### Provided entries
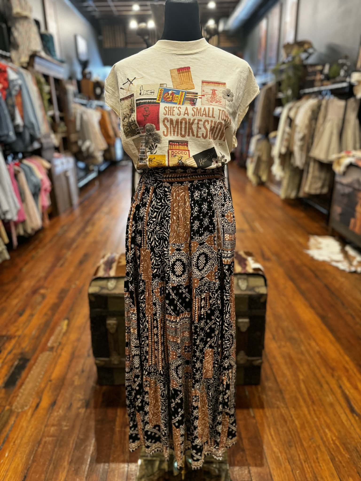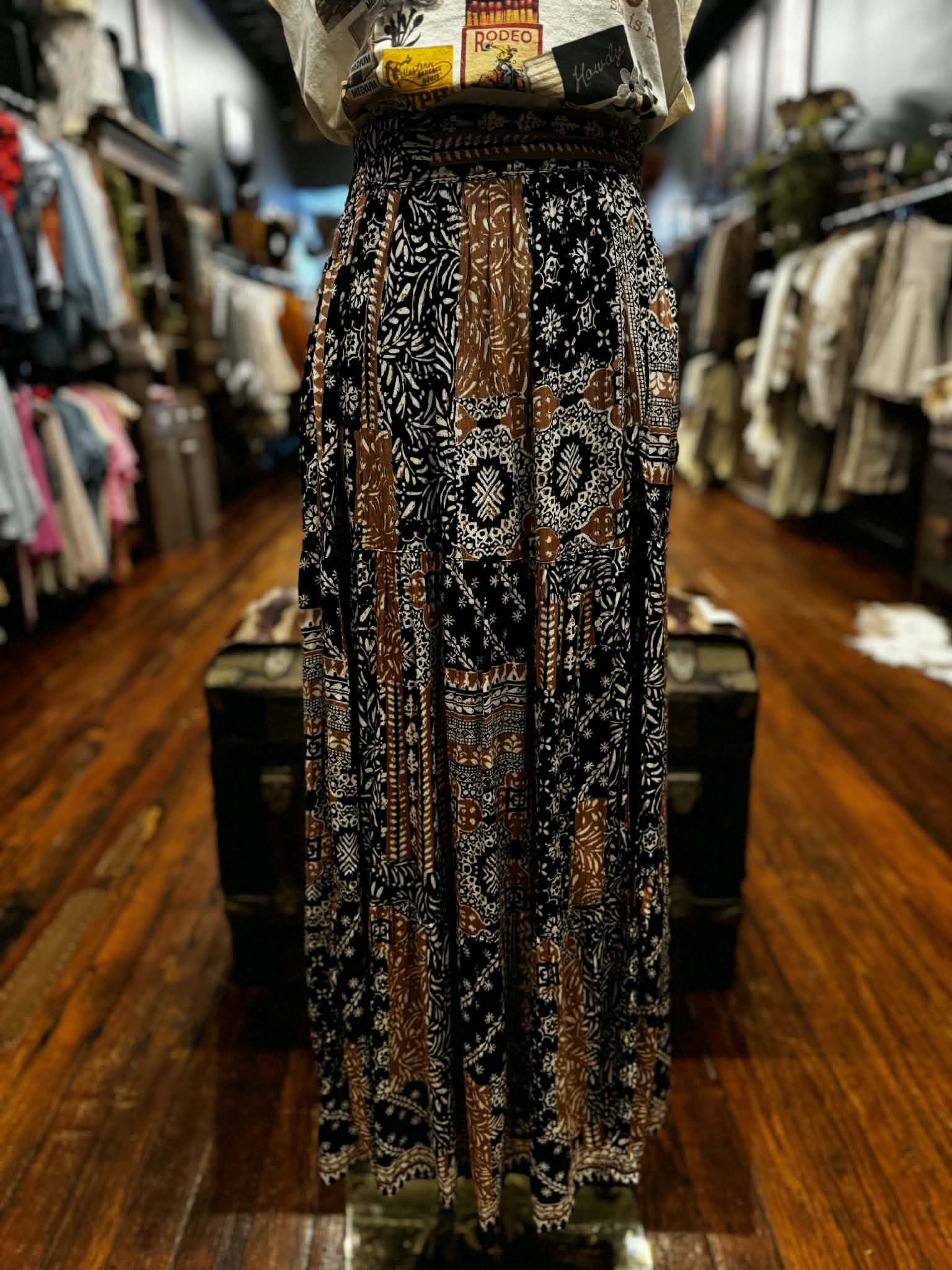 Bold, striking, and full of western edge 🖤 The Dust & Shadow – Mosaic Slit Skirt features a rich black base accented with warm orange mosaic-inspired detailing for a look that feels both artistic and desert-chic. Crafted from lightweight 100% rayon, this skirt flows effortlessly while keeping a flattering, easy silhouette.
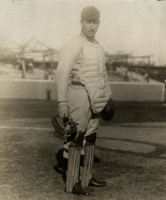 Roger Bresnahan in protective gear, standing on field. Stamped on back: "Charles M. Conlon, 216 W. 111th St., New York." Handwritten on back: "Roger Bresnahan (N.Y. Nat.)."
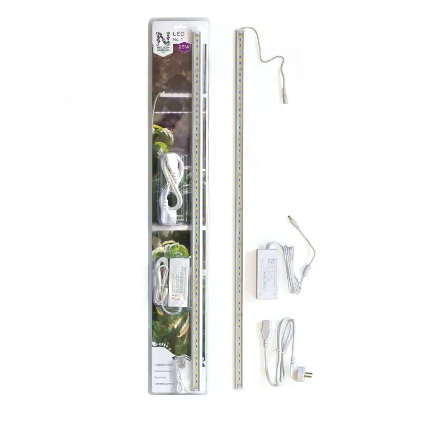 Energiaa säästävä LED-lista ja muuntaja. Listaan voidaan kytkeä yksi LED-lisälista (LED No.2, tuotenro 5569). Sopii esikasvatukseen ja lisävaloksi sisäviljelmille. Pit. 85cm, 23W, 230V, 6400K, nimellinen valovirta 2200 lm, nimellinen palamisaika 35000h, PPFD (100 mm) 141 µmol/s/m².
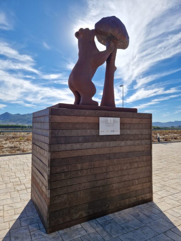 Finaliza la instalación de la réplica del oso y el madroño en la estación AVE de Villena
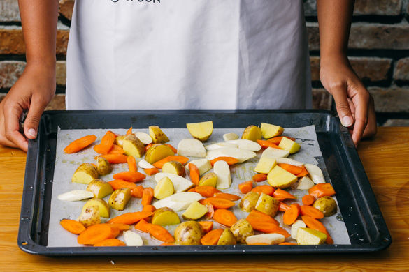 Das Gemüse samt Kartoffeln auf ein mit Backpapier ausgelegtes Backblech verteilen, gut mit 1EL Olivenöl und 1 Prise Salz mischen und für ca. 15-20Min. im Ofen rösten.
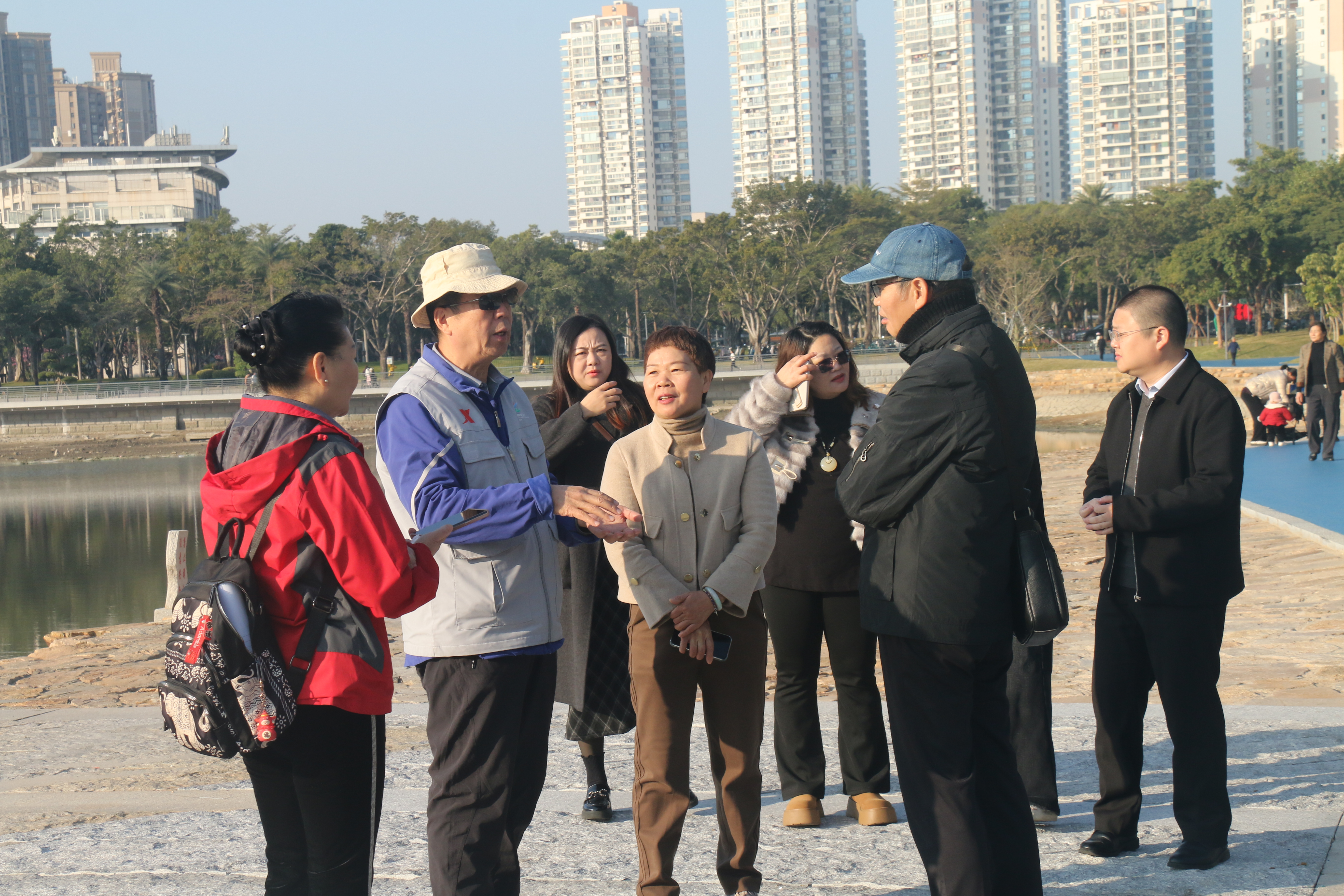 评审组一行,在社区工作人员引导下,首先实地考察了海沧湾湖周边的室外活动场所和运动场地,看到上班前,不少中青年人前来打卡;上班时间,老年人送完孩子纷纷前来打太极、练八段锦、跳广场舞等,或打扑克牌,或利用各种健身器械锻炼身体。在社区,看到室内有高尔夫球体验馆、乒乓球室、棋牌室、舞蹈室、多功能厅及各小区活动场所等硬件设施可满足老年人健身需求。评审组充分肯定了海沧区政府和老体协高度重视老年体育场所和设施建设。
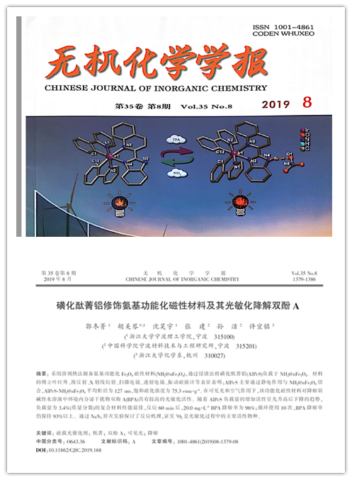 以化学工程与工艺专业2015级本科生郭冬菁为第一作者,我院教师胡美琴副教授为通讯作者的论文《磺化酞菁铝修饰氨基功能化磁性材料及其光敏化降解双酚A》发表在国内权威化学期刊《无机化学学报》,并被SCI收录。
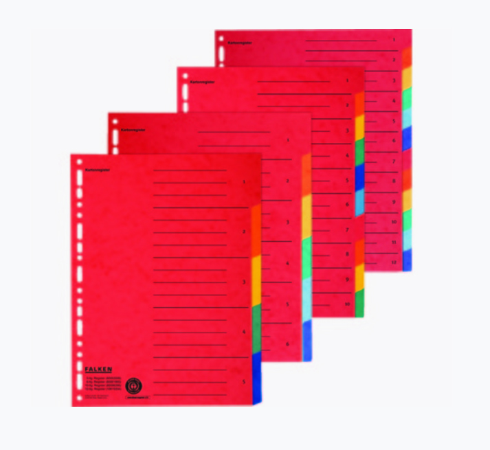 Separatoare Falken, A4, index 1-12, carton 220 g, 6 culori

### What you need to do
All lines from the one containing "评审组一行,在社区工作人员引" to the last line of the data above, both included, should be printed exactly, and the pictures should not appear.

### Result of this task
 评审组一行,在社区工作人员引导下,首先实地考察了海沧湾湖周边的室外活动场所和运动场地,看到上班前,不少中青年人前来打卡;上班时间,老年人送完孩子纷纷前来打太极、练八段锦、跳广场舞等,或打扑克牌,或利用各种健身器械锻炼身体。在社区,看到室内有高尔夫球体验馆、乒乓球室、棋牌室、舞蹈室、多功能厅及各小区活动场所等硬件设施可满足老年人健身需求。评审组充分肯定了海沧区政府和老体协高度重视老年体育场所和设施建设。
 以化学工程与工艺专业2015级本科生郭冬菁为第一作者,我院教师胡美琴副教授为通讯作者的论文《磺化酞菁铝修饰氨基功能化磁性材料及其光敏化降解双酚A》发表在国内权威化学期刊《无机化学学报》,并被SCI收录。
 Separatoare Falken, A4, index 1-12, carton 220 g, 6 culori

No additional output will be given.